Podczas zakończonego w ubiegłym tygodniu 27. Forum Ekonomicznego w Krynicy Toyota przedstawiła równoległą do samochodów ładowanych z zewnętrznej sieci elektroenergetycznej ścieżkę rozwoju polskiej elektromobilności, uwzględniającą wodór oraz auta z napędem hybrydowym.

W Krynicy Toyota zaprezentowała swój pierwszy seryjnie produkowany samochód wodorowy - Toyotę Mirai, a wraz z nim ciekawy sposób wykorzystania technologii wodorowej, który uwzględnia specyfikę polskiej gospodarki. Polska już teraz produkuje rocznie 1 mln ton wodoru jako produkt uboczny m.in. w przemyśle spożywczym czy chemicznym. Jak podkreślił Witold Nowicki, dyrektor handlowy Toyota Motor Poland, polski przemysł to nie jedyne potencjalne źródło tego nośnika energii. Wodór można też produkować m.in. z polskiego węgla. Polska dysponuje szerokimi możliwościami w zakresie produkcji i przetwarzania tego uniwersalnego i ekologicznego nośnika energii.

Reklama

"Samochód napędzany wodorem jest pojazdem elektrycznym. To oznacza, że projekt elektromobilności uwzględnia wodór" - mówił podczas Forum Ekonomicznego w Krynicy Michał Kurtyka, wiceminister energii. - "To ciekawe i obiecujące paliwo" - podkreślił przedstawiciel Ministerstwa Energii.
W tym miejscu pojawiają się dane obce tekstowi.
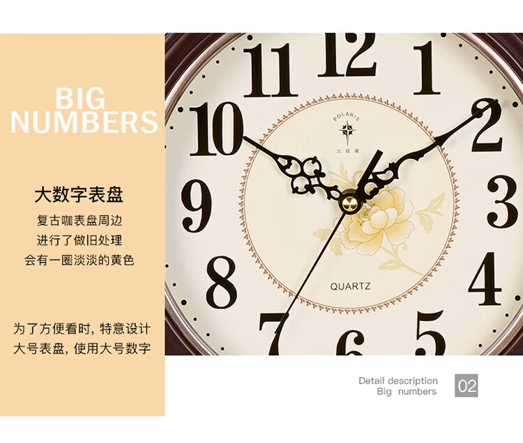 Polaris Classical European-style Table Clock Living Room Home Retro Creative Wall Clock Study Silent Stand-Hanging Dual-Purpose Clock 72214-Kamu Luminous Style (Dual-Purpose Stand-hanging)

Technologia wodorowa eliminuje bariery, które są wadami nierozerwalnie związanymi z użytkowaniem aut elektrycznych ładowanych z zewnętrznego źródła - krótkiego zasięgu i długiego czasu ładowania. W prezentowanej podczas Forum w Krynicy Toyocie Mirai tankowanie wodoru służącego w trakcie jazdy do produkcji energii elektrycznej zasilającej silnik trwa kilka minut, a zasięg auta wynosi nawet ponad 700 km. O zaletach tej technologii przekonali się uczestnicy Forum Ekonomicznego, którzy odwiedzili na nim stoisko Toyoty. Część z nich zdecydowała się na odbycie jazdy próbnej innowacyjnym modelem Toyoty. Samochód poprowadził m.in. Zygmunt Berdychowski, Przewodniczący Rady Programowej Forum Ekonomicznego.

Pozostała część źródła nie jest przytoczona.